I've always thought of pregnancy as a time when you gain weight.  So far, most of my pregnancy has been different than what I expected- in the best ways- but I'm just befuddled by this.  I can't remember a time in my adult life when I felt better or healthier than I do now.  Is that normal?

Whatever it is, I like it.  But I'm still confused.

Tuesday, July 06, 2010

Employment is Overrated

I haven't talked about this much, but I feel like talking about it today.

A few months ago I wrote about our third wedding anniversary.  What I didn't share was that, on our anniversary, Stephen was laid off from his job.  I didn't talk about it because I wasn't worried about it- God will provide for our needs, and He has- and it was beside the point.  Although the event has had a major effect on our finances, it hasn't changed much else, except that Stephen is home during the day now.  Which means more hiking, biking, and making babies quality time together.

He's been looking for a new job since it happened.  In fact, he had been looking for work since December... the job sucked and he was ready for something new.  When his boss gave him the news, Stephen actually struggled to hide his smile.  Anyway, he's been on unemployment for a while, and we just applied for pregnancy medicaid.  Not a problem for me... I figure I've been giving my money to the government long enough that I might as well get some of it back.  For Stephen, as a conservative, these were challenging decisions to make, and he can't wait to get off government aid.

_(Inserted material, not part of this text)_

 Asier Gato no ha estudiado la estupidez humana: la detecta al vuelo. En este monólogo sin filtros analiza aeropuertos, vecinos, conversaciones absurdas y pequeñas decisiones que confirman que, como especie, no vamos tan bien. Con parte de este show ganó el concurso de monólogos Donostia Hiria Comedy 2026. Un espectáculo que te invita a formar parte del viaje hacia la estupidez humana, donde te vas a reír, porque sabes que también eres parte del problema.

Anyway, the most amazing thing about the past few months has been our finances- things have been tight, but we've been able to pay every single bill.  God has provided for us every step of the way, and we haven't had a moment of doubt, thinking, "how will we pay for this?"  In fact, my business has been booming- I've been enjoying my best month ever since I started the business last year, and now Stephen is working with me until he finds a "regular" job.

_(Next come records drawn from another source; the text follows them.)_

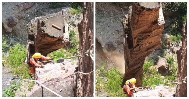 Рабочие спускаются по отвесным скалам, чтобы вручную сбивать опасные глыбы и предотвращать оползни. Такой способ считается самым надёжным, хоть и требует железных нервов.
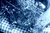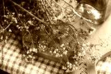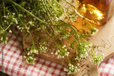Closeup of fresh blooming shepherd's purse plant on a table, with a bottle of tincture in the backbground
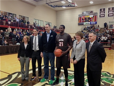 Prior to the game, Brown honored senior forward Cedric Kuakumensah for breaking the Ivy League career blocks record. Kuakumensah broke the record of Brian Gilpin who was on hand to help honor him.
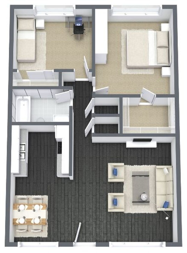 2 Dormitorios, 1 Baño, 950 pies²Disponible AhoraGalería del Modelo

Then, only a few months later we discovered I was pregnant (although, this was no surprise).  Our first thought was "God must be moving to do something incredible for us, because this would generally be considered horrendous timing."

Many Christians have this idea that God puts us in uncertain situations, delights in watching us squirm uncomfortably, and then dramatically comes through for us at the very last second.  But through this process God has shown me that this is not his heart for us.  Rather, he uses the uncertain situations in my life to draw me into Him.  What I'm supposed to be feeling is not doubt or discomfort, but excitement and hopeful expectation in the certainty of God's promises.

I've gotten to a point of not caring about the details, but knowing that God will provide for our material needs.  I'm not asking Him "how?" and "when?"  My heart is settled in His goodness, and I haven't worried about it.  Honestly, I haven't even thought about it outside of mere curiosity over what will happen next.

And I think this is exactly where God wants us; not dominated by doubt and anxiety and fear, we're free to live in genuine relationship with Him... not for what He can provide for us in a given circumstance, but for who He is.